Sayın Başkan, Sayın Üyeler,
Bu davada yargılanan tüm sanıklar için iddianamede Sami Demirci'nin emniyet ifadesi
esas alınmış ve gerek iddianame, gerekse esas hakkında mütalaa da Sami Demirci'nin
emniyet ifadesi delil olarak gösterilmiştir.
Anayasa Mahkemesi'nin E.1991/18.K.1992/20 ve 31.03.1992 günlü kararına göre; 3713
sayılı T.M.Y. nın 4.maddesine yapılan bir itirazın değerlendirilmesinde,
"duruşmaya gelmeyen sanıkların, savcı veya hakim huzurunda alınmış mevcut
beyanları ile yetinilir" hükmünün Anayasaya aykırı olduğuna oy birliği ile
karar verilmiştir.
Buradaki oy birliği kararı çok önemlidir. Çünkü Terörle Mücadele Yasası,
hukukçular tarafından en çok tartışılan ve üzerinde konsesu sağlanamamış ender
yasalardan biridir.
Anayasanın 153.maddesine göre, Anayasa Mahkemesi Kararları kesindir.
Yasama,yürütme ve yargı organlarını, idare makamlarını ve gerçek tüzel kişileri
bağlar.
Bu hukuki çerçeveyi çizikten sonra ;
Müvekkilem hem iddianamesinde, hem de mütalaada, Sanık Sami Demirci'nin emniyet ifadesi
gerekçe ve delil olarak gösterilmek suretiyle suçlanmaktadır.
Yüce Mahkeme, yalnızca hakim ve savcı karşısında verilmiş beyanları bile
yeterli bulmazken, bu davada yalnızca emniyet ifadeleri iddia makamı tarafından yeterli
kanul edilmektedir.
Anayasanın 153.maddesine göre, Anayasa Mahkemesi Kararları yargıyı da bağlar.
Bu nedenle kararda ya da hüküm tesisinde Sami Demirci'nin emniyet ifadesinin dikkate
alınmaması yasa gereğidir.
Bu yasal belirlemeyi sunduktan sonra, savunmamızın dört bölümden oluştuğunu;
1-Başak Çağlar'ın yakalanması
2-Gözaltı, yer gösterme işlemleri, tutuklanması
3-İddianamede atılı suçların yanıtlanması
4-Hukuksal gerekçeler, taleplerimiz ve sonuç
bölümlerinin ayrıntılı olarak açıklanacağını belirtmek isterim.
1-BAŞAK ÇAĞLAR'ın YAKALANMASI :
Müvekkilem 17.01.1995 günü Yenimahalle Tufan Sokak 83 numaralı evin önünde
gözaltına alınmıştır.
-Bu ev Başak Çağlar'ın doğduğu ve çocukluk yıllarını geçirdiği evdir.

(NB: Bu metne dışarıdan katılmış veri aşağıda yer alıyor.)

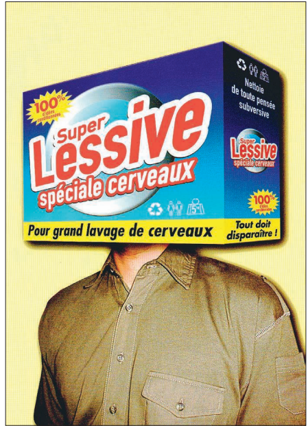
Figure 4. « Super lessive », Casseurs de pub © 1999, p. 40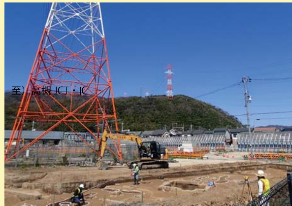
① 橋脚工事を行う前に、埋蔵文化財発掘調査を実施しています。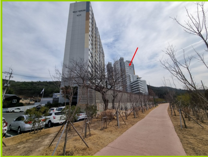
단지전경 (서측에서 촬영)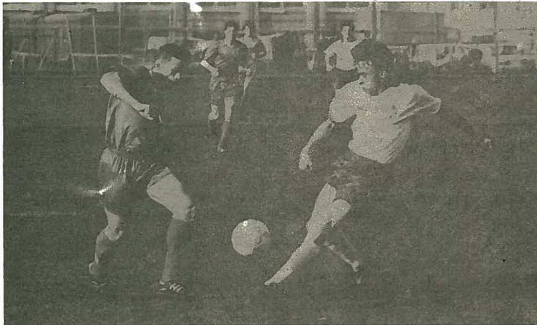
На снимке: момент игры «Газовика» с «Торпедо».

-Bu ilişki sayın heyetinize fotoğraflarla sunulmuştur. Evin eski olması ve tadilat
görmemiş olması, gerçeğin en net şekilde görülmesini sağlamıştır.
-Bu evde hala Başak Çağlar'ın babasının teyzesi ve çocukları oturmaktadır. Bu
şahıslara ait ikametgah belgeleri ve nüfus cüzdanı örnekleri daha
önceki
oturumlarda sunulmuştur. Teyze çocukları Kemal ve Selma Karaer tarafınızdan tanık
olarak dinlenilmiştir.
-Başak Çağlar'ın olay sırasında burada bulunmasının nedeni teyzesinin
ilaçlarını götürmüş olmasıdır.
Ankara Büyük Şehir Belediyesi Fen İşleri Daire Başkanlığı, Numerataj Şube
Müdürlüğü'nün 1993 yılı sonu verilerine göre; Ankara Büyükşehir Belediyesi
hudutları 73.353 hektardır. Uydu kentler hariç olmak üzere bu alanda 760.000 konut
mevcuttur.
Bu verilere göre başak Çağlar'ın Tufan Sokak 83 numaralı evin önünde gözaltına
alınmasında akrabalarına gitmekten başka bir kasıt aranmasındaki olasılık 760.000
de birdir.
İlk duruşmada sayın heyetinize sunduğumuz krokiyi, savunmamıza ek olarak yeniden
sunuyoruz.
Müvekkilem teyzesinin ilaçlarını götürmek üzere iken, Çarşı Caddesi üzerinde
bir patlama sesi duymuş ve her insanın yapacağı en normal şeyi yaparak, koşabileceği
pek çok istikamet olmasına rağmen teyzesinin evine koşmuş, tam evin önünde de
polislerce saçlarından sürüklenerek gözaltına alınmıştır.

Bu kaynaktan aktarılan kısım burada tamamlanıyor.